# TASK INSTRUCTIONS
In the listing below, find the line with "Abfahrt direckt vom" and the line with "DRAWICON(CROSS(主力,散户) AND 主力>50,平衡,25);". Repeat those two lines and all lines between them exactly.

::: MATERIAL FOR THE TASK

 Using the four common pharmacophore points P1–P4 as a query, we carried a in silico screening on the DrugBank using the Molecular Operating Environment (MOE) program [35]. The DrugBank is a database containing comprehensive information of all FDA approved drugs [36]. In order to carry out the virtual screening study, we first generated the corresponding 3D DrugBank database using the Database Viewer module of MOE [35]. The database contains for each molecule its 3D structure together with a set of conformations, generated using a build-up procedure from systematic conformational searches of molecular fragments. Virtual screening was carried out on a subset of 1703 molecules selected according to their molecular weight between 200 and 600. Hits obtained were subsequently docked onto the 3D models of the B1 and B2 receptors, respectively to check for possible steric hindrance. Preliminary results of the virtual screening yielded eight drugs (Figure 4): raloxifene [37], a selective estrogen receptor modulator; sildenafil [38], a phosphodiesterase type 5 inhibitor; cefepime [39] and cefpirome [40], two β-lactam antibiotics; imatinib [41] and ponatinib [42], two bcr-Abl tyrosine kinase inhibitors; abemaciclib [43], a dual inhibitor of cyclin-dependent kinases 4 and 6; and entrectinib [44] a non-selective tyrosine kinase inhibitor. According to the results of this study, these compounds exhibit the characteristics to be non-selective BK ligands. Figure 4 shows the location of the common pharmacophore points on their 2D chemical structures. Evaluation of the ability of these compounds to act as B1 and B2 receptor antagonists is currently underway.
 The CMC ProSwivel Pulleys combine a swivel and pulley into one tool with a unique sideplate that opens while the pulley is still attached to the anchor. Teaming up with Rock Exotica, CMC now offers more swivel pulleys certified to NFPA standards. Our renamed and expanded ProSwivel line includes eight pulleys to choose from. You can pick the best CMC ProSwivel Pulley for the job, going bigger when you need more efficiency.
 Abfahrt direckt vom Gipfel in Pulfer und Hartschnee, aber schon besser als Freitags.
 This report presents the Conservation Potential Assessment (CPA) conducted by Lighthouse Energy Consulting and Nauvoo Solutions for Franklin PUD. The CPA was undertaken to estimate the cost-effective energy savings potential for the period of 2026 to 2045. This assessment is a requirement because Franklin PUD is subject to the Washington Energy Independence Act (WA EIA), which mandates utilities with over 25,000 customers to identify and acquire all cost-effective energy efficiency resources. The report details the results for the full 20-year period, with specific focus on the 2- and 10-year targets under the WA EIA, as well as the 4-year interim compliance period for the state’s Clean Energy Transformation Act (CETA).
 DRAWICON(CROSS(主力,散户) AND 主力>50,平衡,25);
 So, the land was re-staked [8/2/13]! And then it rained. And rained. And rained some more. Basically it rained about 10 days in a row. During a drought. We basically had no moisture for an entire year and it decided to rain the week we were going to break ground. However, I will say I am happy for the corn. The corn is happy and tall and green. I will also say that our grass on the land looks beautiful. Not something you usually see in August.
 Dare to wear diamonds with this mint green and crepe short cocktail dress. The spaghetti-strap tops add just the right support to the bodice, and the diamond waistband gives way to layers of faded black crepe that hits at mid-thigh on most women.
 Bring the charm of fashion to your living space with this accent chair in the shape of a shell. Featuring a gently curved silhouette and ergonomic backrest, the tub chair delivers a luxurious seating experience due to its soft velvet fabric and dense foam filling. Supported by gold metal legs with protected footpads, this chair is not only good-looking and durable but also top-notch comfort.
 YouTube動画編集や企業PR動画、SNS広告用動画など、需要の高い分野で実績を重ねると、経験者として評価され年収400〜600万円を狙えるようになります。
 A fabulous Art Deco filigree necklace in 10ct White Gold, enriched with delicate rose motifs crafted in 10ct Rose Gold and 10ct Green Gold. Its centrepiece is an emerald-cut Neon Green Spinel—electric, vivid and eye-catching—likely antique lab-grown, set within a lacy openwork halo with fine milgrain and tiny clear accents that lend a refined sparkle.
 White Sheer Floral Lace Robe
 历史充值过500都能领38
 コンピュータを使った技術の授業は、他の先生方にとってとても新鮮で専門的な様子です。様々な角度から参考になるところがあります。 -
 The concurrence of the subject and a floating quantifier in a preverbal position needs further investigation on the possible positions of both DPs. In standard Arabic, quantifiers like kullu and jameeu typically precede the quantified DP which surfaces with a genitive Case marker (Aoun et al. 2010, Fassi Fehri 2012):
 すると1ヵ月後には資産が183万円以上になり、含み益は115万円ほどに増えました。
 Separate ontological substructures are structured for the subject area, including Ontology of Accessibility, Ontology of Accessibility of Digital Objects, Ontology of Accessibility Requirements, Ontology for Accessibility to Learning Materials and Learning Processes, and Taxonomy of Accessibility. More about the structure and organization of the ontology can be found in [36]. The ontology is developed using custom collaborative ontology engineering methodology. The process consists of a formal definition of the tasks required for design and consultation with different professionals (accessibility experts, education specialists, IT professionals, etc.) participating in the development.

::::::

# EXERCISE ANSWER
 Abfahrt direckt vom Gipfel in Pulfer und Hartschnee, aber schon besser als Freitags.
 This report presents the Conservation Potential Assessment (CPA) conducted by Lighthouse Energy Consulting and Nauvoo Solutions for Franklin PUD. The CPA was undertaken to estimate the cost-effective energy savings potential for the period of 2026 to 2045. This assessment is a requirement because Franklin PUD is subject to the Washington Energy Independence Act (WA EIA), which mandates utilities with over 25,000 customers to identify and acquire all cost-effective energy efficiency resources. The report details the results for the full 20-year period, with specific focus on the 2- and 10-year targets under the WA EIA, as well as the 4-year interim compliance period for the state’s Clean Energy Transformation Act (CETA).
 DRAWICON(CROSS(主力,散户) AND 主力>50,平衡,25);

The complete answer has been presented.